Biomedical word sense disambiguation (WSD) is an important intermediate task in many natural language processing applications such as named entity recognition, syntactic parsing, and relation extraction. In this paper, we employ knowledge-based approaches that also exploit recent advances in neural word/concept embeddings to improve over the state-of-the-art in biomedical WSD using the public MSH WSD dataset [1] as the test set. Our methods involve weak supervision - we do not use any hand-labeled examples for WSD to build our prediction models; however, we employ an existing concept mapping program, MetaMap, to obtain our concept vectors. Over the MSH WSD dataset, our linear time (in terms of numbers of senses and words in the test instance) method achieves an accuracy of 92.24% which is a 3% improvement over the best known results [2] obtained via unsupervised means. A more expensive approach that we developed relies on a nearest neighbor framework and achieves accuracy of 94.34%, essentially cutting the error rate in half. Employing dense vector representations learned from unlabeled free text has been shown to benefit many language processing tasks recently and our efforts show that biomedical WSD is no exception to this trend. For a complex and rapidly evolving domain such as biomedicine, building labeled datasets for larger sets of ambiguous terms may be impractical. Here, we show that weak supervision that leverages recent advances in representation learning can rival supervised approaches in biomedical WSD. However, external knowledge bases (here sense inventories) play a key role in the improvements achieved.

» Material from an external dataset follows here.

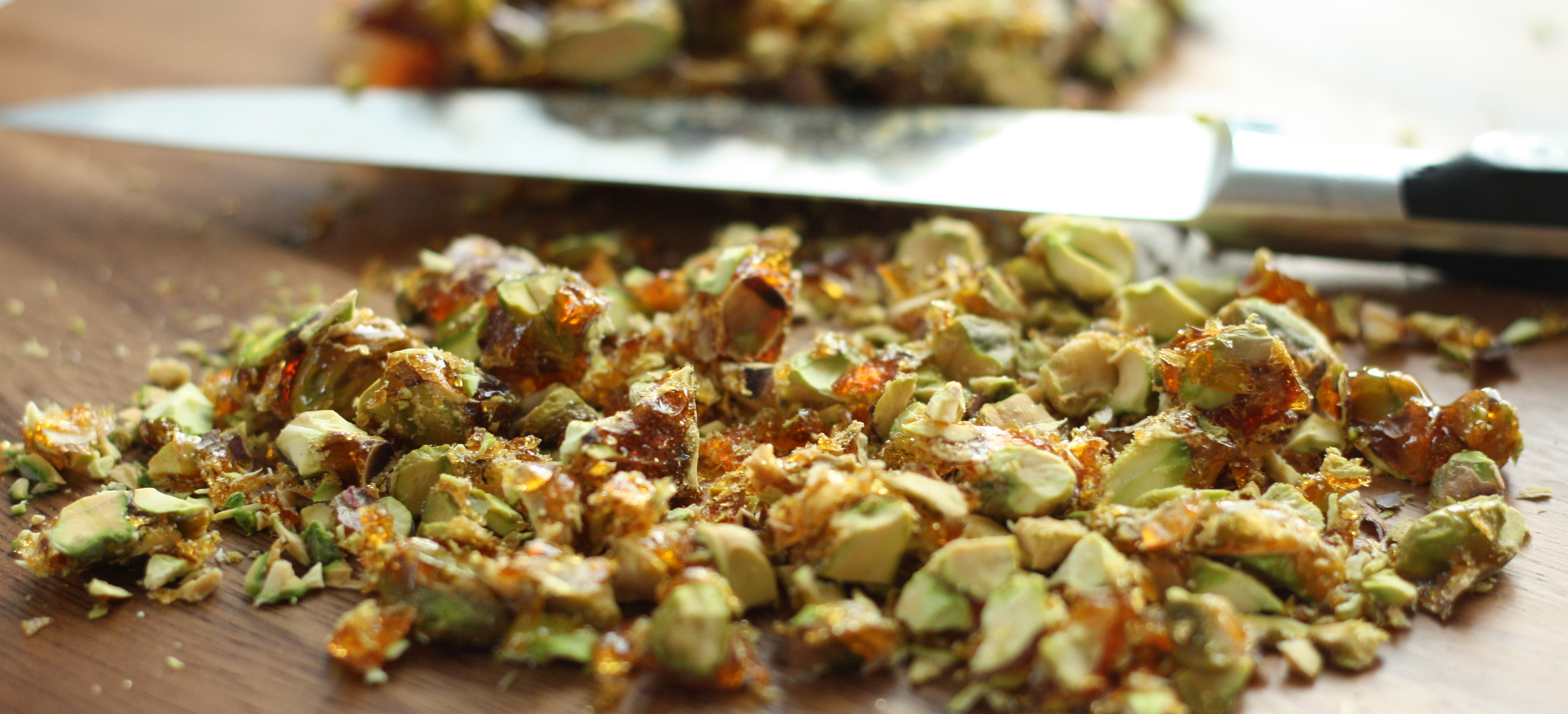 Next heat the caster sugar in a small saucepan over a medium heat until it has dissolved and turned a golden caramel colour. Remove it from the heat, quickly stir in the pistachios and spread it on the parchment to cool. Once cooled, chop it into pieces and store in a airtight container.

生物医学词义消歧(WSD)是命名实体识别、句法分析和关系提取等许多自然语言处理应用中的一项重要中间任务。在本文中,我们采用了基于知识的方法,并利用神经词/概念嵌入的最新进展,以公共 MSH WSD 数据集 [1] 作为测试集,改进了生物医学 WSD 的先进水平。我们的方法涉及弱监督--我们不使用任何手工标记的 WSD 示例来建立预测模型;但是,我们使用现有的概念映射程序 MetaMap 来获取概念向量。在 MSH WSD 数据集上,我们的线性时间(以测试实例中的感官和单词数量计算)方法实现了 92.24% 的准确率,比通过无监督方法获得的最佳已知结果[2]提高了 3%。我们开发的一种更昂贵的方法依赖于近邻框架,准确率达到 94.34%,基本上将错误率降低了一半。从无标注的自由文本中学习到的密集向量表示最近已被证明有利于许多语言处理任务,我们的努力表明生物医学 WSD 也不例外。对于像生物医学这样复杂且快速发展的领域,为较大的模糊术语集建立标记数据集可能并不现实。在这里,我们展示了利用表征学习的最新进展进行的弱监督可以与生物医学 WSD 中的监督方法相媲美。然而,外部知识库(此处为感官清单)在实现改进方面发挥了关键作用。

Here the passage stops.